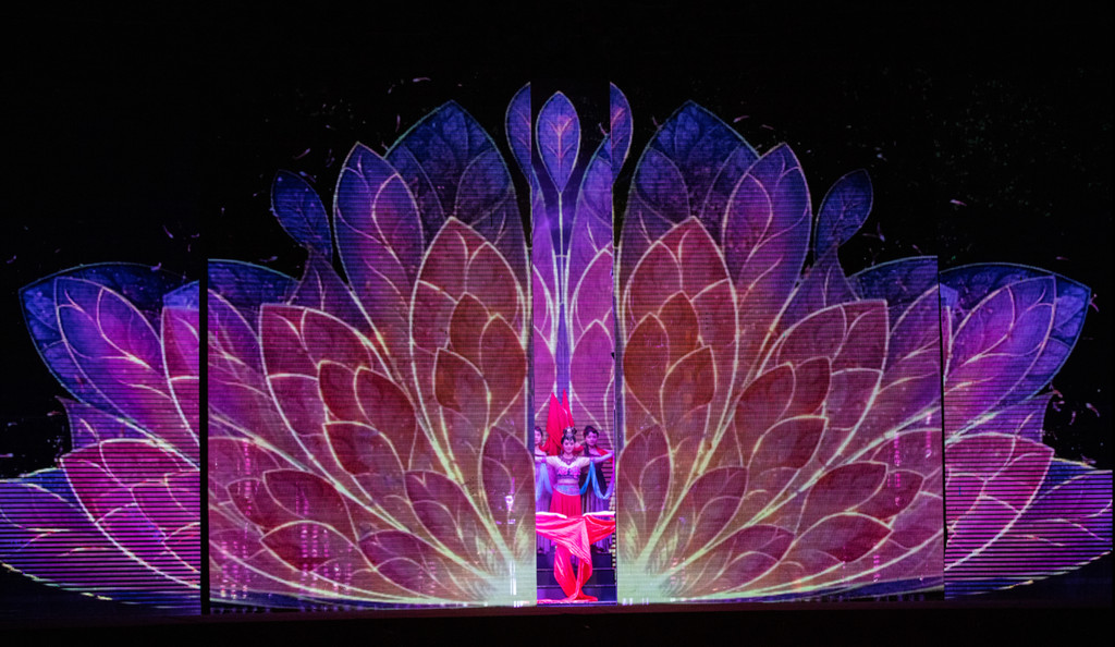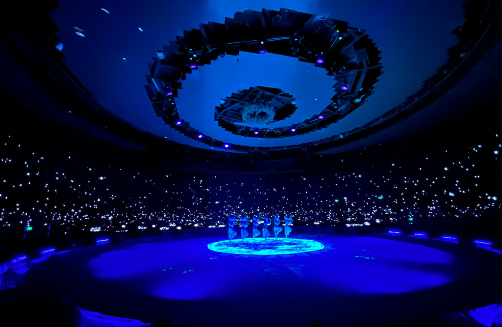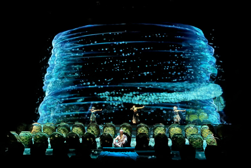 《天酿》演出是全球首个大型新媒体空间体验秀,通过天赐、天问、天遇、天路、天宴剧幕加上现代科技声、光、电、全息影像,展现国酒酱香古法酿造全过程。
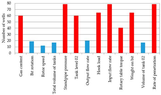 For further analysis, all drilling parameters that were recorded for each well were considered. The analysis of the data showed that not all the wells from the sample have the same number of corresponding recorded drilling parameters. Some wells recorded the minimum number of parameters. We would like to note that drilling reports were provided for 67 wells, but the files with the recorded drilling parameters were provided for 78 wells. Therefore, data representing 78 wells were analyzed. For a wide analysis of the drilling parameters recorded on the wells, reports from 78 wells were taken into account. It can be seen from Figure 4 that only eight parameters are the most commonly reported for all wells; these are highlighted in red. Additionally, these parameters will be used as input parameters for the classification of complications.
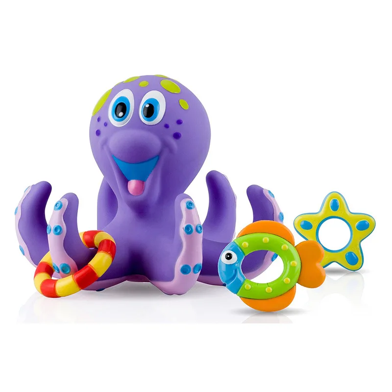Игрушка детская для ванны, плавающий в воде милый мультяшный фиолетовый Осьминог с 5 кольцами Hoopla, Интерактивная игрушка для ванны, подарок для детей
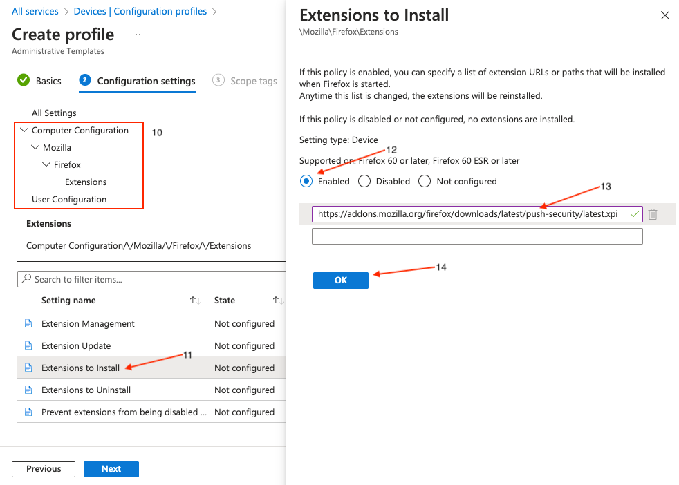 Note: If you are deploying the Push browser extension for multiple browsers, review each section of this documentation to avoid missing settings that need to be applied in each instance.

============

Aim of the exercise:
Where the material above includes pictures, omit them and retype everything else exactly.

Result:
 《天酿》演出是全球首个大型新媒体空间体验秀,通过天赐、天问、天遇、天路、天宴剧幕加上现代科技声、光、电、全息影像,展现国酒酱香古法酿造全过程。
 For further analysis, all drilling parameters that were recorded for each well were considered. The analysis of the data showed that not all the wells from the sample have the same number of corresponding recorded drilling parameters. Some wells recorded the minimum number of parameters. We would like to note that drilling reports were provided for 67 wells, but the files with the recorded drilling parameters were provided for 78 wells. Therefore, data representing 78 wells were analyzed. For a wide analysis of the drilling parameters recorded on the wells, reports from 78 wells were taken into account. It can be seen from Figure 4 that only eight parameters are the most commonly reported for all wells; these are highlighted in red. Additionally, these parameters will be used as input parameters for the classification of complications.
Игрушка детская для ванны, плавающий в воде милый мультяшный фиолетовый Осьминог с 5 кольцами Hoopla, Интерактивная игрушка для ванны, подарок для детей
 Note: If you are deploying the Push browser extension for multiple browsers, review each section of this documentation to avoid missing settings that need to be applied in each instance.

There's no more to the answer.